Please set down only the lines running from the one with "Model calibration and" through the last line of the entries, exactly as written and without any pictures.

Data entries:
━━━━━━━━━━━━━━━━━━━━━━━━━━━━━━

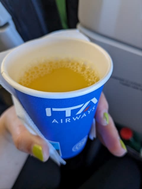 思いを馳せていると、ドリンクサービスが。オレンジジュースをチョイス。
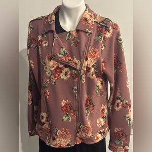 Blu Pepper Floral Blazer Moto Jacket in Pink and Cream
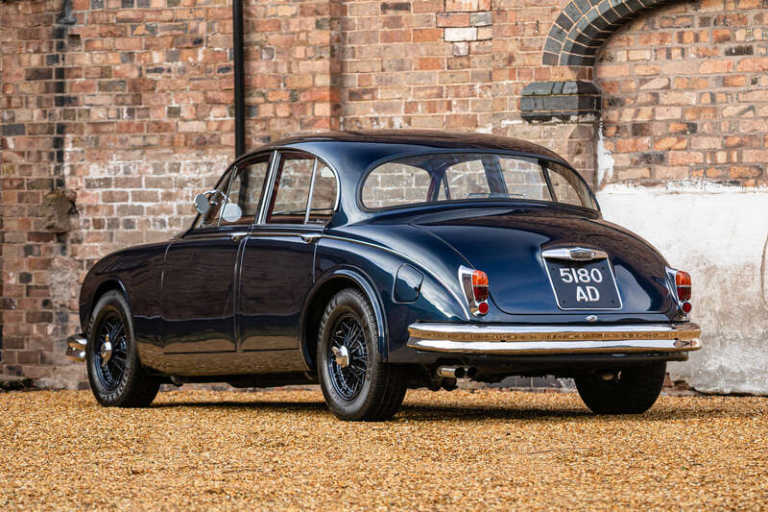 This lot will be auctioned via Iconic Auctioneers, The Iconic Sale at Race Retro 2026 - Collectors' Cars on Saturday the 21st of February, Stoneleigh Park, Stoneleigh Rd, Coventry, CV8 2LG. , An exceptionally well-sorted and tastefully uprated example of Jaguar’s revered MK2 saloon, this unique car was first registered in August 1960 and presents today with a thoughtfully engineered specification that combines classic elegance with discreet performance enhancements. Powered by a substantially uprated 4.2-litre XK engine and four-speed all-synchro manual gearbox with overdrive, it offers an engaging and surprisingly modern driving experience whilst remaining faithful to the spirit of the original car.Originally delivered as a 2.4-litre automatic from Jaguar’s Browns Lane factory, this MK2 has been the subject of a comprehensive and well-documented transformation that elevates it far beyond its standard specification. At the heart of the car lies a period-correct but extensively modified 4.2-litre XK engine, benefitting from a lightened and balanced flywheel, fast road camshaft, and straight-port cylinder head. Twin 2” HD8 SU carburettors with open trumpets ensure ample air intake, while a stainless steel six-branch manifold handles the exhaust with efficiency and style. The engine bay also features modern enhancements including a 123 electronic ignition system, upgraded alloy radiator and a subtly louvered bonnet to aid cooling – each selected to improve reliability without compromising the car’s period appearance.Complementing the powertrain is a range of mechanical upgrades designed to bring handling and braking in line with the performance on offer. These include larger brakes, uprated anti-roll bar, a limited-slip differential, and GAZ shock absorbers. Steering is transformed by a Vicarage rack and pinion setup with EZ electric assistance, vastly improving feedback and precision over the original system. The car sits on body-coloured 6x15 outer-laced competition wire wheels shod with grippy Pirelli P4000 205/70 R15 tyres, offering both visual appeal and enhanced roadholding.Cosmetically, the MK2 retains a traditional silhouette with a more purposeful demeanour. Finished in a rich shade of Jaguar Indigo Blue – a modern interpretation that suits the shape beautifully – the car appears largely standard at a glance, with only subtle cues hinting at its capabilities. The interior is equally inviting, with lightly patinated red hide, superb walnut veneer dashboard and door tops, and attention to period detail throughout.On the road, this MK2 delivers an experience far beyond what might be expected from a 1960s saloon. The upgraded engine provides ample torque across the rev range and the manual gearbox with overdrive offers long-legged cruising ability. Ride comfort remains excellent, while the improved suspension, brakes and steering transform the car into a truly communicative and confidence-inspiring driver’s machine.Whether described as a ‘restomod’ or, perhaps more aptly, an ‘evolution’, this Jaguar MK2 stands out as a rare and highly desirable proposition. It offers the charm and craftsmanship of a classic British saloon, subtly reimagined with thoughtful enhancements that bring it to life for modern roads. With exceptional build quality, considered upgrades and a refined aesthetic, it's an ideal choice for the enthusiast seeking both performance and presence in a truly individual motor car.
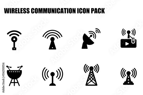 Wireless communication icons in a flat design style. Simple, vector icons depict various communication devices, including transmitters, antennas, and satellite dishes in a simple, clear presentation.
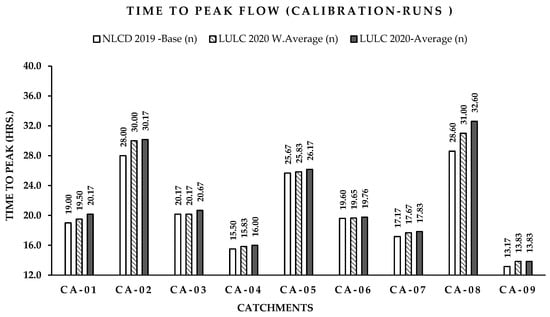Model calibration and validation based on water level and flow observations are necessary to determine any model’s ability to reproduce reality []. The HEC-RAS (v.6.2) model was calibrated using the calibration data in Table 7 and as mentioned in the methodology section. The main objective of this step was to assess the effect of implementing the developed Manning’s roughness values on the modeling results’ accuracy and quantify the derived errors and uncertainty. The collected rainfall data and corresponding runoff values at different return periods were divided into two sets, one for calibration (2-year return period) and the other for validation (100-year return period), as presented in Table 7. All rainfall and runoff data were extracted from StreamStats, except the 100-year return period rainfall data for some of the catchments, which were extracted from NOAA Atlas 14. All catchments’ data were found in both data sources (USGS-StreamStats and NOAA Atlas 14), but no rainfall data were found covering CA-01, CA-02, or CA-03 in the 100-year return period.
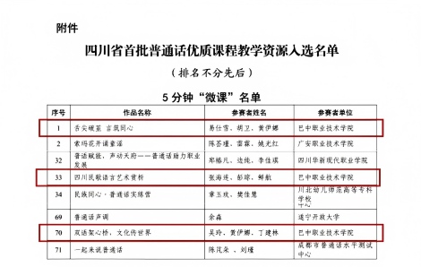 喜报!巴中职业技术学院三个课程资源入选四川省首批普通话优质课程教学资源名单

━━━━━━━━━━━━━━━━━━━━━━━━━━━━━━

▶ **Output of the task**
Model calibration and validation based on water level and flow observations are necessary to determine any model’s ability to reproduce reality []. The HEC-RAS (v.6.2) model was calibrated using the calibration data in Table 7 and as mentioned in the methodology section. The main objective of this step was to assess the effect of implementing the developed Manning’s roughness values on the modeling results’ accuracy and quantify the derived errors and uncertainty. The collected rainfall data and corresponding runoff values at different return periods were divided into two sets, one for calibration (2-year return period) and the other for validation (100-year return period), as presented in Table 7. All rainfall and runoff data were extracted from StreamStats, except the 100-year return period rainfall data for some of the catchments, which were extracted from NOAA Atlas 14. All catchments’ data were found in both data sources (USGS-StreamStats and NOAA Atlas 14), but no rainfall data were found covering CA-01, CA-02, or CA-03 in the 100-year return period.
 喜报!巴中职业技术学院三个课程资源入选四川省首批普通话优质课程教学资源名单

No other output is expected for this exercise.